Github user zd-project commented on a diff in the pull request:
https://github.com/apache/storm/pull/2764#discussion_r209048016
--- Diff:
storm-server/src/main/java/org/apache/storm/daemon/nimbus/Nimbus.java ---
@@ -1984,11 +2074,13 @@ private int fragmentedCpu() {
Cluster cluster = new Cluster(inimbus, supervisors,
topoToSchedAssignment, topologies, conf);
cluster.setStatusMap(idToSchedStatus.get());
- long beforeSchedule = System.currentTimeMillis();
+ schedulingStartTime.set(Time.nanoTime());
scheduler.schedule(topologies, cluster);
- long scheduleTimeElapsedMs = System.currentTimeMillis() -
beforeSchedule;
- LOG.debug("Scheduling took {} ms for {} topologies",
scheduleTimeElapsedMs, topologies.getTopologies().size());
- scheduleTopologyTimeMs.update(scheduleTimeElapsedMs);
+ //Will compiler optimize the order of evalutation and cause race
condition?
--- End diff --
If no code reordering happens, gauge should always evaluate `currTime`
first, and has to get startTime from `schedulingStartTimeNs` is set to null.

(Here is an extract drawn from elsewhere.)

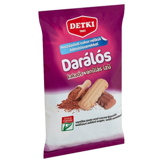 Darálós vaníliás ízű omlós keksz cukor hozzáadása nélkül, édesítőszerekkel [búzaliszt, pálmazsír, édesítőszerek (maltit: 8%, izomalt: 8%), inulin, teljes tojáspor, térfogatnövelő szerek (ammónium-hidrogén-karbonát, nátrium-hidrogén-karbonát), aromák, emulgeálószer (lecitinek), étkezési só], Darálós kakaós omlós keksz cukor hozzáadása nélkül, édesítőszerekkel [búzaliszt, pálmazsír, édesítőszerek (maltit: 8%, izomalt: 8%), zsírszegény kakaópor (3%), aromák, inulin, teljes tojáspor, térfogatnövelő szerek (ammónium-hidrogén-karbonát, nátrium-hidrogén-karbonát), emulgeálószer (lecitinek), étkezési só]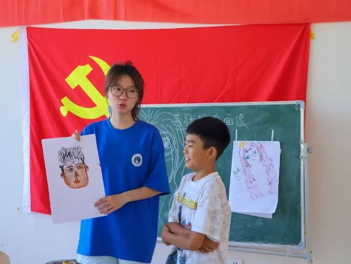 美术教育在支教活动中具有独特价值,它不仅能够激发乡村孩子的创造力与想象力,更通过艺术表达帮助他们建立自信、开拓视野。在甘洛普昌中学国防教育基地支教第三天,一场“夸张的画像”美术课正悄然开启孩子们的艺术之门。铺开雪白画纸,调好缤纷水粉,“今天我们不只是画普通的肖像,”队员冷蔼媛微笑着举起画笔,“而是要探索一种让画面会说话的魔法——夸张的艺术手法!”队员张艺凡随即在黑板上示范:忽而勾勒出头发长得能跳绳的人物,忽而描绘眼睛大如铜铃的脸庞,生动的范例引得孩子们阵阵惊叹。创作环节中,志愿者们穿梭于课桌间,时而俯身指点技法,时而鼓励大胆创新。二十分钟后,孩子们自信地展示作品:有用螺旋线条表现自然卷发的同桌,有用五角星大小眼镜突出老师特征的肖像,更有将志愿者标志性笑容画得照亮整张画纸的创意之作。教室里此起彼伏的“这是我画的你!”的欢叫声,与空气中弥漫的水彩清香,共同构成了这堂艺术课最美的风景。

So
if we guarantee that elpased is evaluated after that,
longest-scheduling-time-ms will not exceeds the real longest scheduling time.

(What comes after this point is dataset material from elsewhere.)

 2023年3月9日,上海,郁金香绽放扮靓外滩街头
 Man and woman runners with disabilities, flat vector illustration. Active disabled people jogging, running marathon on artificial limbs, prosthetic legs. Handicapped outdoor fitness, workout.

That being said, I think the race here should be pretty negligible
especially if we discard the decimals in ns-to-ms conversion. Meanwhile I did
hear about complaints of hanging schedulers before, so I say we keep partial
measurement and remove the comments, or just "please be noticed that it's
normal to see minor jiggling in the longest scheduling time due to race
condition."
---